─── STORED DATA
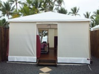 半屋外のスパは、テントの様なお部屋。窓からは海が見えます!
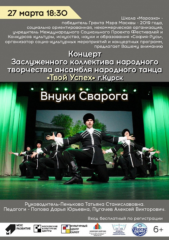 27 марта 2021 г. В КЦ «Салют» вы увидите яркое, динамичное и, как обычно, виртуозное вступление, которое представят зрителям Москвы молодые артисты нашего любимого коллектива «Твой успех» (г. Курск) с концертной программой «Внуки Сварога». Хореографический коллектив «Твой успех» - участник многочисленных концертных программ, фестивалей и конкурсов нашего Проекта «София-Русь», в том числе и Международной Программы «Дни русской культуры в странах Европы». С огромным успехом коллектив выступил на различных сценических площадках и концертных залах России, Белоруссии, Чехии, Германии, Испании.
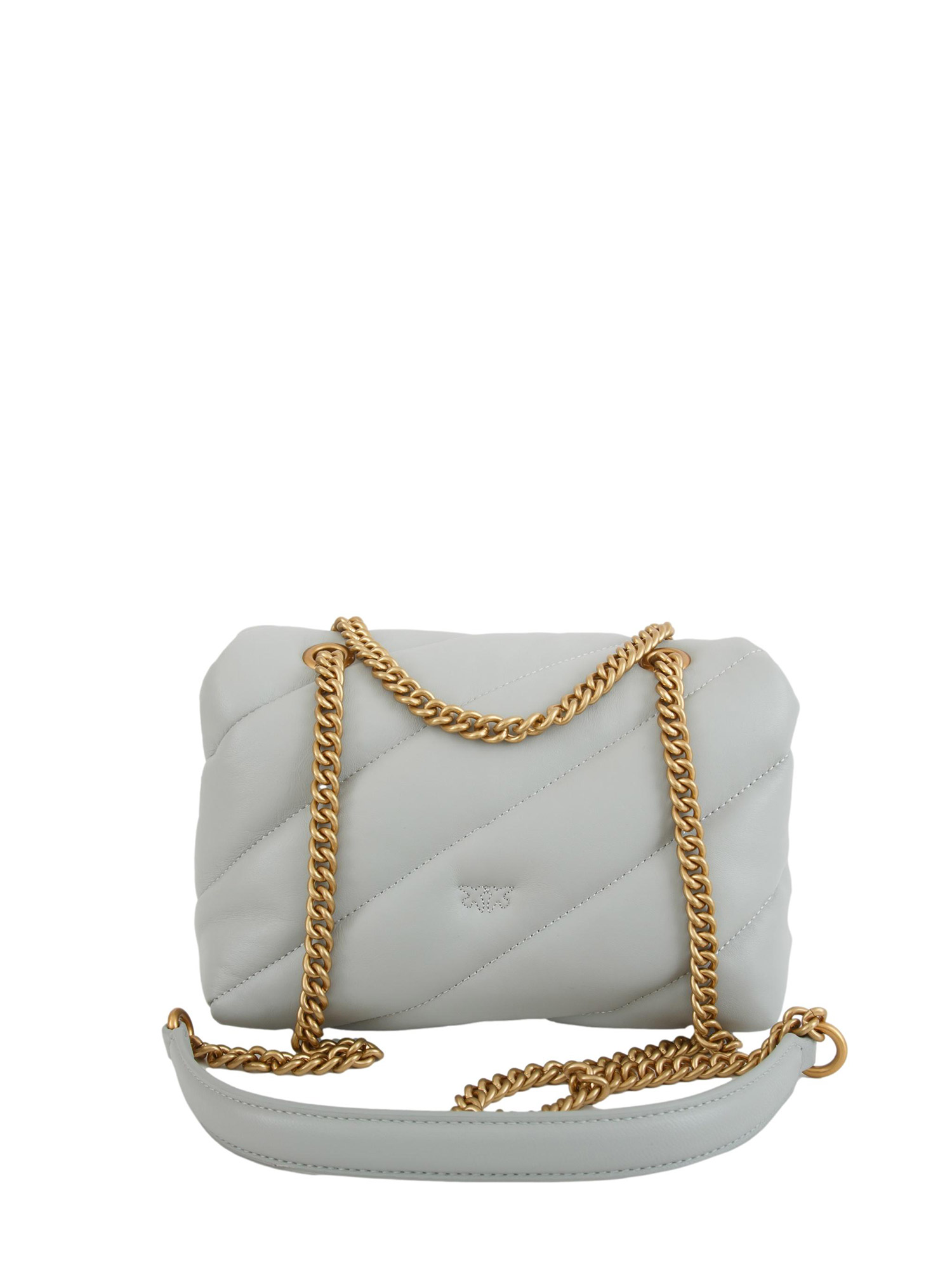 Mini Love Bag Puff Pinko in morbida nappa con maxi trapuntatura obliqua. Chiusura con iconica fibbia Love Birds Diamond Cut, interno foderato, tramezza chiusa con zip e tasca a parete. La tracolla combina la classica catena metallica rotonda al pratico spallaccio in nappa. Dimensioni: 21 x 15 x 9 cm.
──────
**ASSIGNMENT**
Using the listing above, copy every line from the line containing "27 марта 2021" through the last one, both included, and no other lines. Pictures stay out.

**OUTPUT OF THE TASK**
 27 марта 2021 г. В КЦ «Салют» вы увидите яркое, динамичное и, как обычно, виртуозное вступление, которое представят зрителям Москвы молодые артисты нашего любимого коллектива «Твой успех» (г. Курск) с концертной программой «Внуки Сварога». Хореографический коллектив «Твой успех» - участник многочисленных концертных программ, фестивалей и конкурсов нашего Проекта «София-Русь», в том числе и Международной Программы «Дни русской культуры в странах Европы». С огромным успехом коллектив выступил на различных сценических площадках и концертных залах России, Белоруссии, Чехии, Германии, Испании.
 Mini Love Bag Puff Pinko in morbida nappa con maxi trapuntatura obliqua. Chiusura con iconica fibbia Love Birds Diamond Cut, interno foderato, tramezza chiusa con zip e tasca a parete. La tracolla combina la classica catena metallica rotonda al pratico spallaccio in nappa. Dimensioni: 21 x 15 x 9 cm.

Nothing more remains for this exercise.